The Importance of Earnings for Long-Term Portfolios

As the corporate earnings season ramps up, markets are shifting their focus from geopolitical concerns to tangible evidence of how businesses are performing. With the stock market hovering near all-time highs, questions around valuations and the sustainability of recent profitability trends have become increasingly important.

While it’s still early in the reporting season, current Wall Street forecasts suggest companies finished 2025 with healthy growth, leading the S&P 500 earnings-per-share to reach a new record level. In many ways, earnings announcements are like report cards that provide information about how companies are performing and whether their strategies are working. Professional investors scrutinize these reports because they include important figures used to value companies, which in turn affect their stock and bond prices.
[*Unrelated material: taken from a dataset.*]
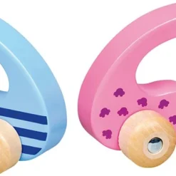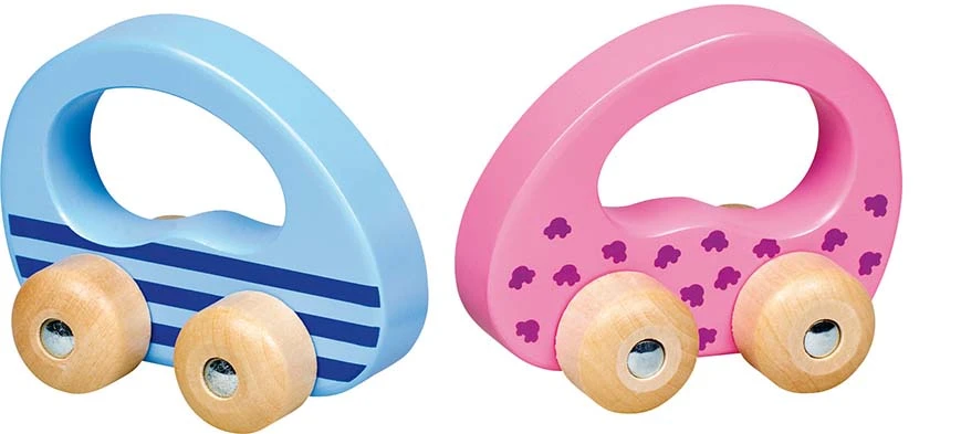 Houten auto, in blauw en rose. Bij uitstek geschikt voor kleine handjes.

For long-term investors, strong earnings growth has been the main driver of stock market returns, resulting in long-term wealth creation for investors. However, the details of any single company’s results matter far less than how earnings trends impact overall portfolios. What truly matters is understanding what corporate profitability says about economic growth, consumer spending, business investment, and the sustainability of the current market environment. What should investors focus on as new earnings are announced?

 

Strong earnings growth supports portfolios

Corporate earnings are what connect the stock market to the economy, and ultimately to portfolios. When economists analyze GDP growth, the job market, or consumer spending, these factors affect investors through their impact on corporate profits. This is because a healthy economy usually leads to improved sales and earnings for companies, just as we have experienced over the past few years. Since owning stock entitles investors to a share of a company’s profits, share prices tend to appreciate when earnings grow.
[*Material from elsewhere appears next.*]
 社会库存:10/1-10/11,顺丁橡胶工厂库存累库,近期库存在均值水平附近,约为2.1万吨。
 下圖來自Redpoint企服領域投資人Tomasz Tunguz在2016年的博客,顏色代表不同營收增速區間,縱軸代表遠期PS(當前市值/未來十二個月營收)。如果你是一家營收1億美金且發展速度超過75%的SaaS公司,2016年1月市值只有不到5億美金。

This is not only true for the stocks of individual companies, but for the stock market as a whole. The accompanying chart shows that the stock market tends to follow the path of earnings over long periods of time. The fact that the U.S. economy is vibrant and has grown steadily is perhaps the most important reason for the long-term rise of the stock market.

In the first week, about 13% of S&P 500 companies reported their results for the fourth quarter of 2025, and 75% beat earnings expectations, according to FactSet data.1 The consensus is that earnings-per-share could grow by 8.2% across S&P 500 companies, which would represent the 10th consecutive quarter of earnings growth. When looking at 2025 as a whole, LSEG figures suggest that earnings grew by 13% and could grow by around 15% in 2026 and 2027. These are well above the historical average growth rate of 7.7%.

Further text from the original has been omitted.